Shattuck’s academic and diplomatic careers are equally distinguished. In 1986, he returned to academia at Harvard University as Vice President for Government, Community, and Public Affairs, while also teaching law courses at Harvard Law School. His involvement with the Kennedy School of Government further strengthened his role in public policy. He was later appointed by President Bill Clinton as Assistant Secretary of State for Democracy, Human Rights, and Labor, where he played a pivotal role in the establishment of the International Criminal Tribunals for Rwanda and the former Yugoslavia, and negotiated the Dayton Peace Agreement that ended the war in Bosnia. Shattuck also served as U.S. Ambassador to the Czech Republic, where he helped modernize the country’s legal system and supported civic education programs.
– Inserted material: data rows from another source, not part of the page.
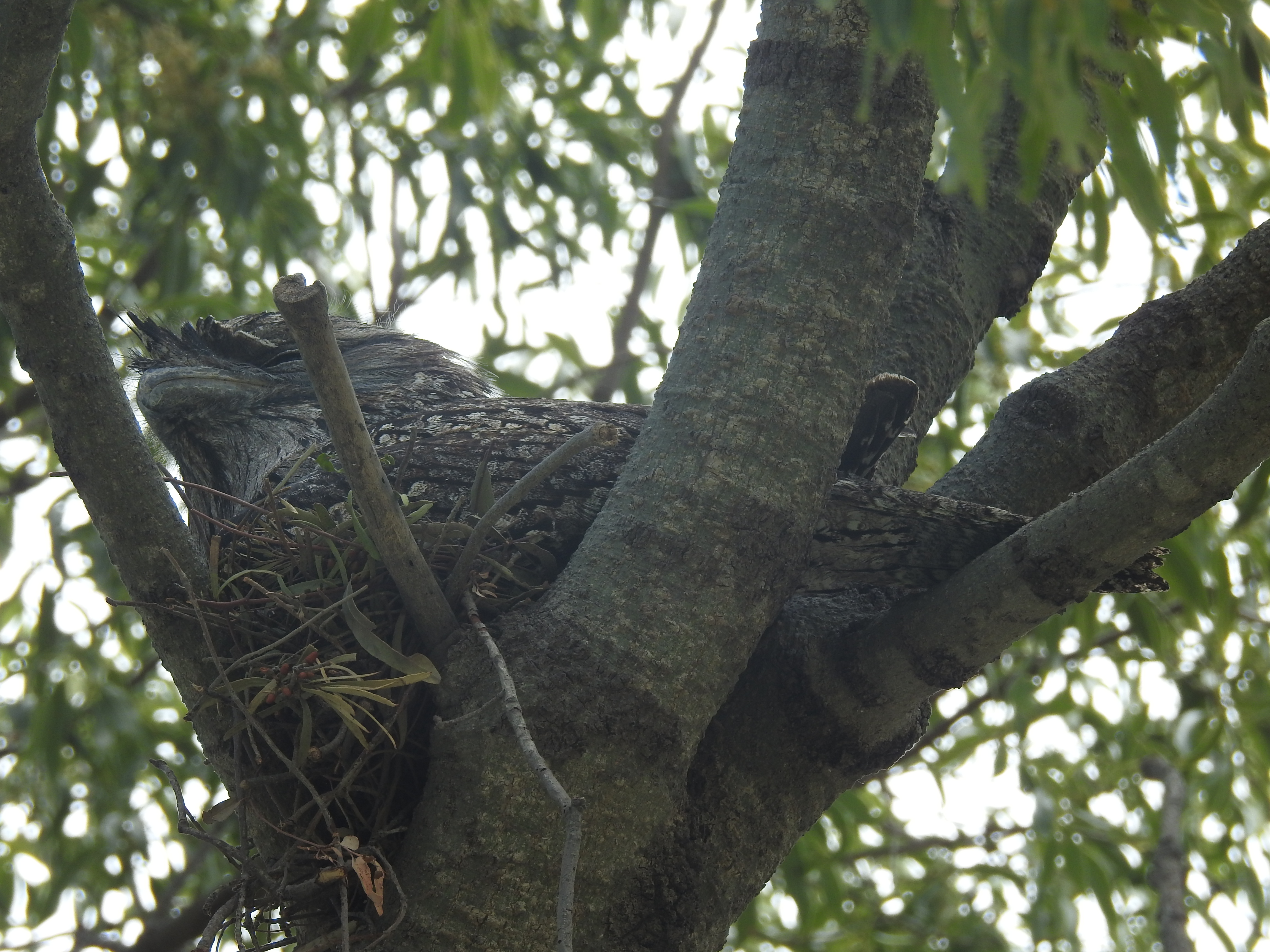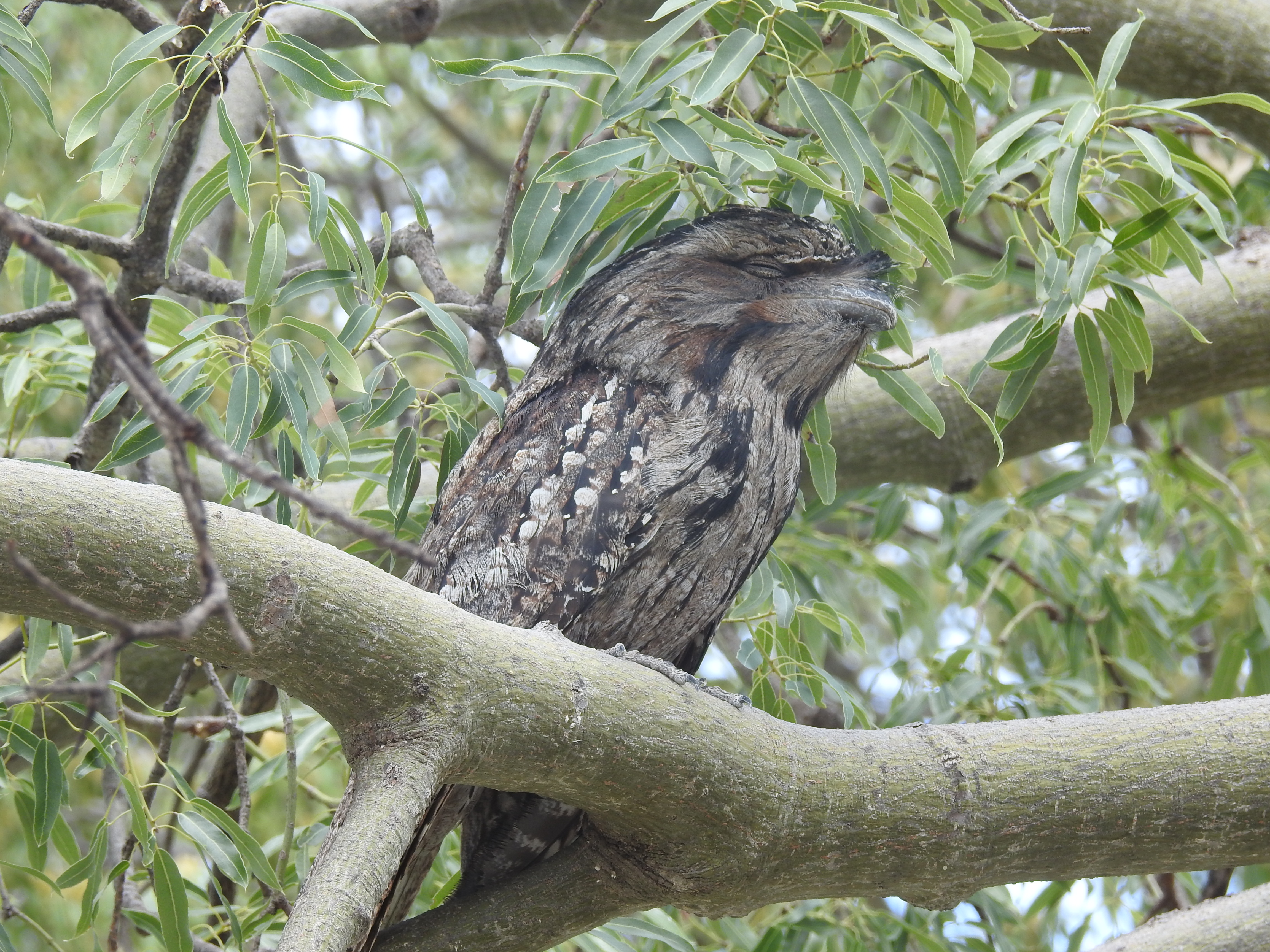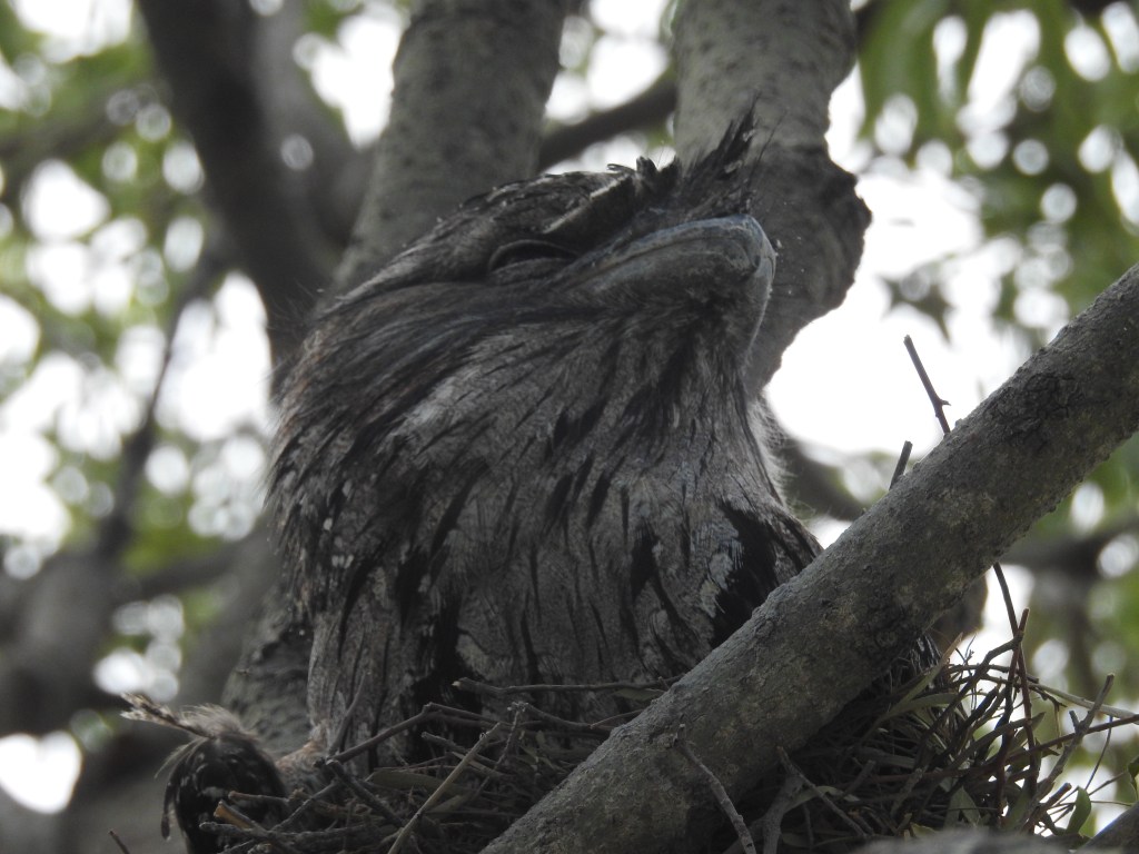 We get into Roma around 9.30am & drive a little bit out of town to the Gun Club, our campsite for the next few nights. There is lots of space & not many campers, the tourist season is just about finished, it is starting to get too hot. As we set up camp there are lots of shots that we hear. The local pistol club members are having a shoot this morning. There is a pair of Tawny Frogmouth birds nesting in a Queensland Bottle Tree nearby & we go to have a look at them, they stay rock solid still with their camouflage of feathers.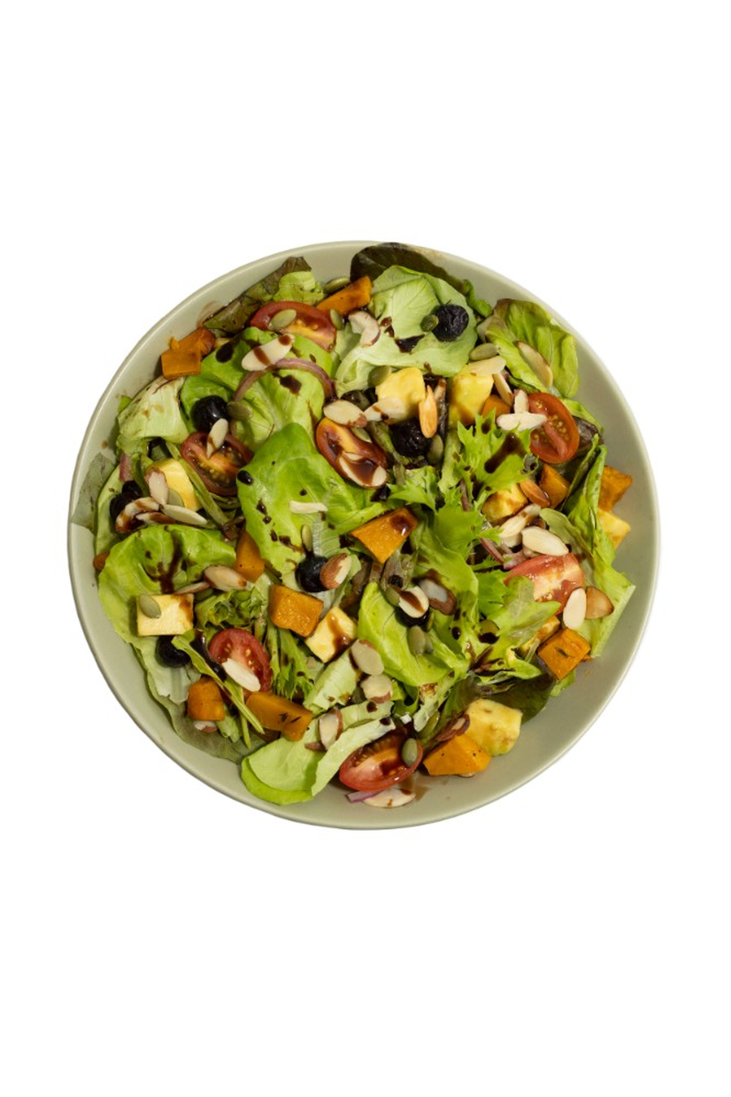 Mixto de Lechuga, Rúcula, Auyama Horneada, Tomate Cherry, Cebolla, Aguacate, Queso Feta, Arándanos, Almendras, Semillas de Calabaza, Vinagreta Balsámica y Crema Balsámica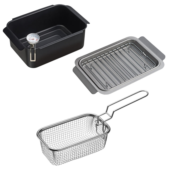 天ぷら鍋4点&揚げ物ざる セット IH対応 温度計付き ポコフリット 角型 ワイド
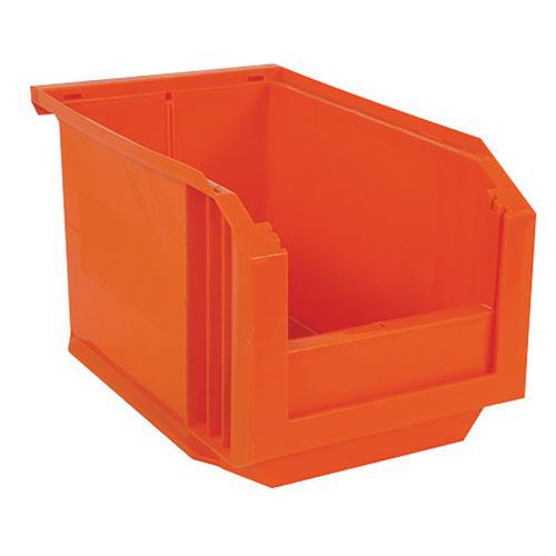 Erg stevig dankzij de dubbele wanden en de versterkingsnerven. De Europese stapelbak is bestand tegen schokken, zelfs in het geval van intensief gebruik. Voorzien van etikethouder. Gemaakt in de EU Klantgarantie : 3 jaar Max. belasting (kg) : 10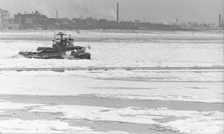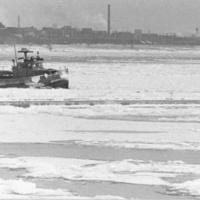 Ice Breaker the Niagara Queen working by the International Hydro Control Dam in the Upper Niagara River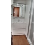 洗面のすぐ横に分電盤があり、分電盤の位置の変更が可能か、提案できる商品があるか相談したいとのことでした。 現在のサイズが現在主流のものではなく、壁面に密着しているタイプ。 鏡を残して下台のみ交換するか、分電盤を移動して新しい洗面台を入れるかご検討でした。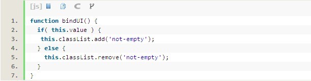 定义这个bindUI函数,操作流程如下,如果需要输入一个值,在这可以添加一个被命为.not-empty的字段。'not-empty'意味着有个占位符。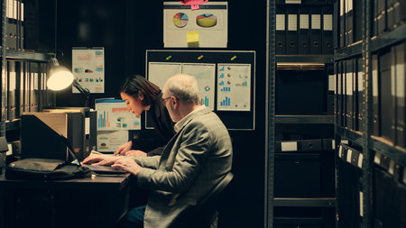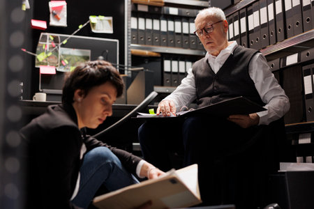 Overworked police officers analyzing criminology report, working late at night at federal criminal investigation in arhive room. Private detectives checking federal files, discussing crime evidence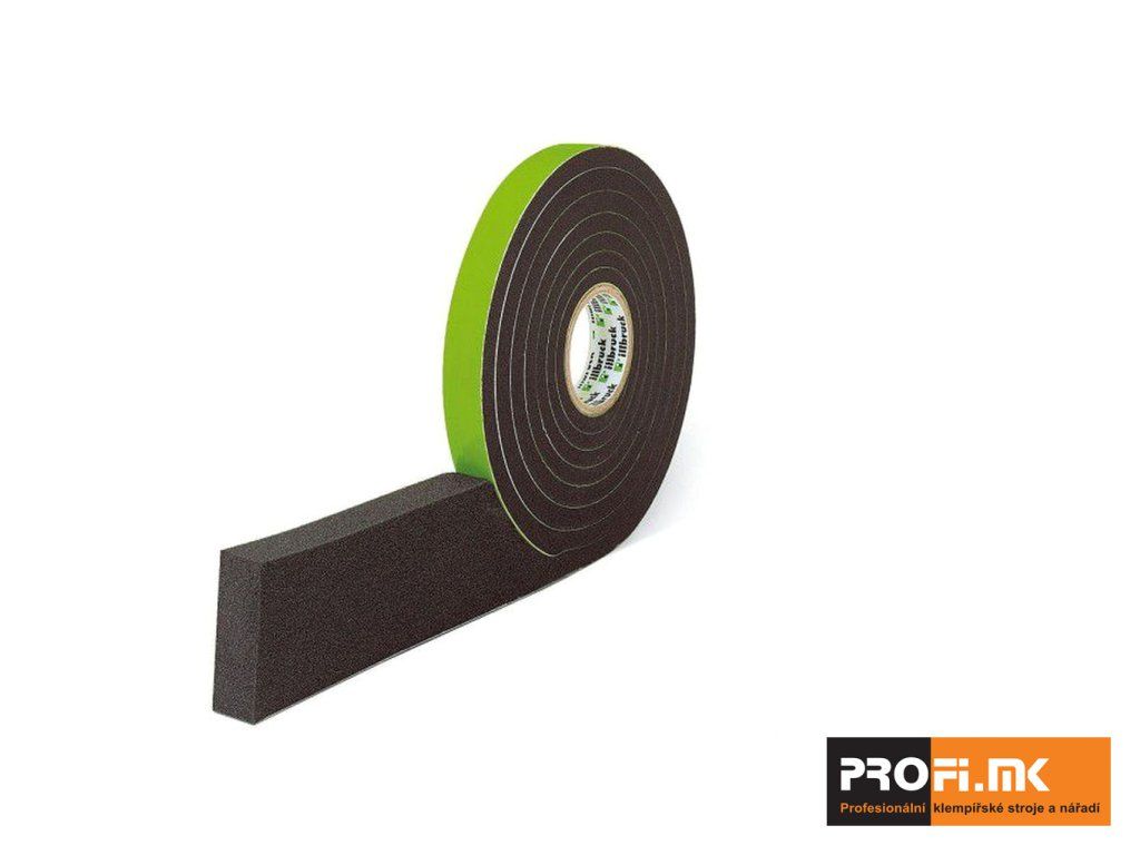 Materiál: Impregnovaná jednostranně lepící polyuretanová těsnící páska se strukturou otevřených buněk. K impregnaci je použito syntetické pryskyřice. Barva tmavě šedá.

In 2001, Shattuck became the CEO of the John F. Kennedy Library Foundation, where he oversaw the digitization of historical records and significantly increased the foundation’s endowment. From 2009 to 2016, he served as the President and Rector of Central European University (CEU), transforming the institution into a globally recognized center for graduate education. Under his leadership, CEU expanded its interdisciplinary programs, launched the School of Public Policy, and created the Roma Access Programs, which are unique graduate preparation initiatives for Roma students. Shattuck also led the university through significant growth in research funding and faculty recruitment.
Shattuck’s legacy at CEU continues through the Shattuck Center on Conflict, Negotiation, and Recovery, named in his honor after his retirement. In addition to his work at CEU, Shattuck is currently a Professor of Practice at the Fletcher School of Law and Diplomacy and a Senior Fellow at Harvard University’s Kennedy School Center for Human Rights Policy. He is a frequent author of articles on international relations, human rights, civil liberties, and public service, and has written three books, including Freedom on Fire, a study of the international response to genocide in the 1990s.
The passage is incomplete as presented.